Among the most crucial indicators of vaccine effectiveness in the severe acute respiratory syndrome coronavirus 2 (SARS-CoV-2) pandemic are neutralizing antibody reactions. Every new SARS-CoV-2 variant raises concerns regarding the diminished vaccine efficacy due to their escape of vaccine-elicited neutralizing antibodies

Nevertheless, mounting epidemiological evidence demonstrates that while vaccination-based infection prevention differs, protection against severe illness and mortality is still high. Therefore, immune responses aside from neutralization may afford COVID-19 vaccine effectiveness.

The intricacy of polyclonal antibody reactions and their implications in COVID-19 remain little understood, despite being one of the essential elements of immune defense. Notably, polyclonal antibodies work via fragment antigen-binding (Fab) domains, which directly neutralize the virus, and fragment crystallizable (Fc) regions, which activate immune cells' Fc receptors to elicit non-neutralizing host responses. Therefore, antibody Fc effector activities might impact SARS-CoV-2 infection outcomes and vaccination protection.

About the study

The current research sought to comprehend how COVID-19 protection was promoted by the interaction of non-neutralizing and neutralizing actions brought on by vaccination. For this, the scientists used sera samples from 51 COVID-19-uninfected medical professionals who received two doses of the SARS-CoV-2 BNT162b2 messenger ribonucleic acid (mRNA) vaccination. They aimed to evaluate the connections between the Fc and Fab domain activities in polyclonal reactions to vaccination.

The vaccination timeframe of the study volunteers ranged from December 2020 to February 2021. Besides, the subjects were aged between 21 and 82 years. The period between the first and second vaccine doses (20 to 22 days, a difference of two days) and dose 2 and sample collection (14 to 15 days, a difference of one day), as well as the gender distribution, were carefully considered while choosing samples to reduce confounding factors. 

Further, the researchers conducted confirmatory screening to ensure no measurable SARS-CoV-2 nucleocapsid-selective antibodies were present to rule out the complicating element of hybrid immunity resulting from SARS-CoV-2 infection. They also excluded people with active SARS-CoV-2 symptoms or a history of prior COVID-19.

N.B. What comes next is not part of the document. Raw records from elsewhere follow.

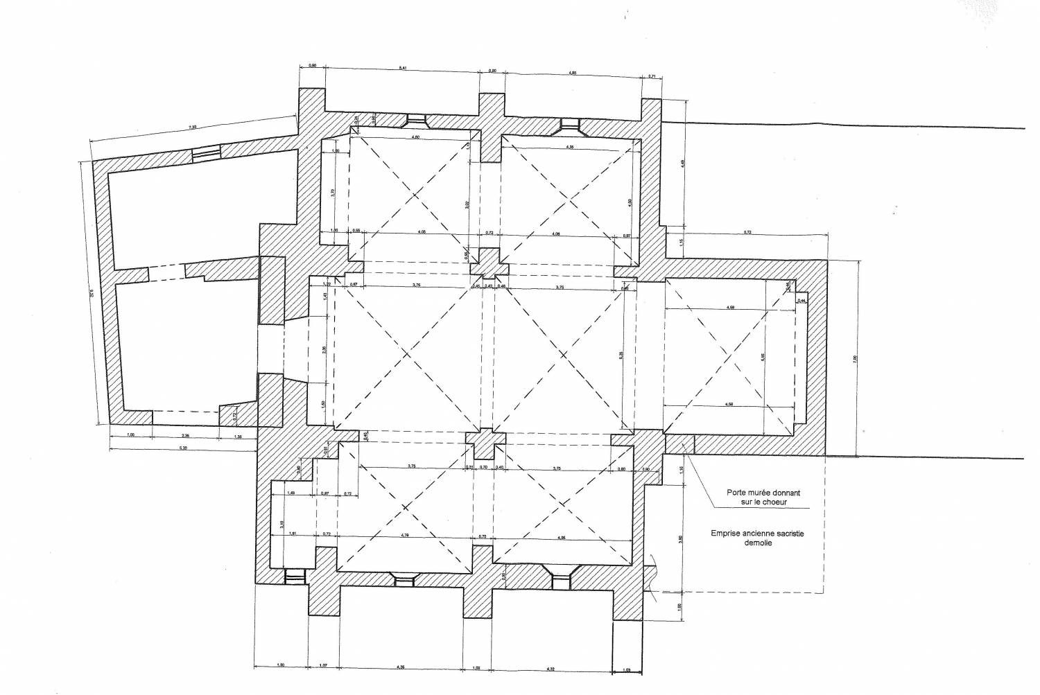 – plafonner à trois couches le plafond de la voûte de l’église,fournir les lambourdes qui manquent,faire une corniche et l’architrave avec du retour d’espace en espace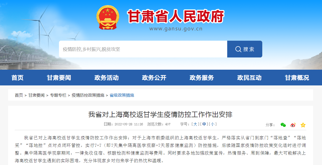 甘肅省對(duì)上海高校返甘學(xué)生疫情防控工作作出安排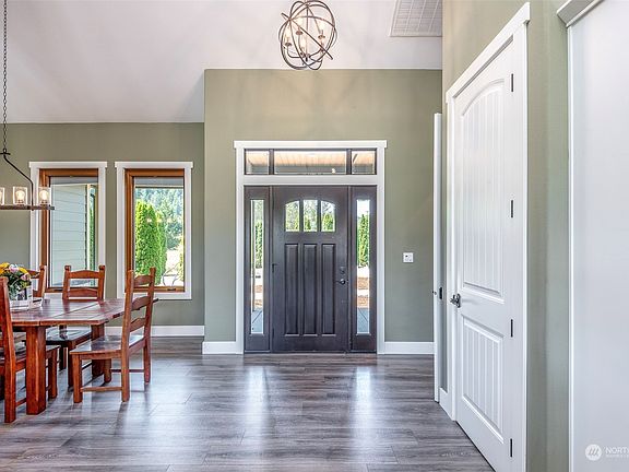 Breathtaking custom farm house sits on 8.6 acres features impeccable finishes such as stunning LVP flooring, motion sensor lights, solar panels, AC, 3-car garage & more! Vaulted ceilings & an abundance of natural light beaming through high windows invite you home. Kitchen showcases Quartz counters, cabinets w/ modern hardware & frosted glass doors, under cabinet lighting, massive center island w/ SS Workstation sink, wine cooler & gas range! Spend evenings lounging on the covered back porch admiring views of Mt Rainier, beautiful sunsets & fruit trees. Spacious primary bed w/ luxurious ensuite bath reveals quartz counters w/ dual sinks, under vanity lighting, oversized tile shower & enormous walk-in closet w/ custom built-ins & chandelier.

The team evaluated neutralization against the SARS-CoV-2 wildtype (WA.1) strain and five clinical variants: Beta (B.1.351), Alpha (B.1.1.7), Gamma (P.1), Omicron (BA.2), and Delta (B.1.617.2). Additionally, they assessed vaccine-selective antibody Fc traits of isotype, Fc effector activities, Fc receptor adhesion, and immunoglobulin G (IgG) glycosylation.

Results

The study results illustrated that the two doses of the COVID-19 BNT162b2 mRNA vaccine successfully stimulated both neutralizing and non-neutralizing antibody activities. The authors stated that the presence of vaccine-specific antibodies was critical. They also noted that quality and quantity affect how well non-neutralizing and neutralizing antibodies work. As a result, antibody titers were linked with neutralizing ability, and vaccine-triggered neutralizing reactions against live clinical isolates of SARS-CoV-2 WA.1 strain and five different variants became less potent with age.

The neutralization of SARS-CoV-2 was associated with the activation of natural killer cells by Fc gamma receptor IIIa (FcgRIIIa), also known as CD16a. In addition, FcgRIIIa-mediated natural killer cell activation results in cytotoxicity. However, it does not cause complement deposition or phagocytosis.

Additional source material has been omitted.